The surrogate data method (also called the surrogate method) is a way to investigate the characteristics (features and nature) of data statistically. There are characteristics in data we cannot tell just by looking at the behaviours and appearances. For example, when the behaviour shows irregular fluctuations we cannot know whether the fluctuations are random or not. We can investigate underlying characteristics of the data statistically by the surrogate data method. To apply the method we specify a characteristic we want to investigate as a hypothesis and generate many data sets according to the hypothesis. We refer to the data as surrogate data. We then see if there is any difference between the analysis target data and the surrogate data sets. If there is no significant difference between them, we consider that the target data contains the specified characteristic. If there is sufficient difference, we consider that the data does not contain the characteristic. We can make a hypothesis freely. In this way we can investigate characteristics of phenomena.
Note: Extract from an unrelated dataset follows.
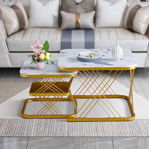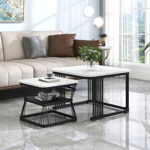 Lot de 2 tables basses, Table d'appoint carrée, plateau marb...

Basic idea of the surrogate data method and an example of the applications
The time series data we want to examine shows irregular fluctuations. One of the reasons of the appearance of irregular fluctuations is nonlinearity. Hence, we investigate whether there is nonlinearity in irregular fluctuations of the time series. The hypothesis we set is that the data is linear. There is a method which can eliminate (or destroy) nonlinearity in data. We generate many data sets using the method, where there is no nonlinearity in the data sets. We refer to the data as surrogate data. If there is no nonlinearity in the original data, the surrogate data sets which do not have nonlinearity have the same characteristic as the original data. Hence, there should not be large difference between these statistics. On the other hand, if there is nonlinearity in the original data, the surrogate data sets which do not have nonlinearity have different characteristic from the original data. Hence, there should be large difference between these statistics.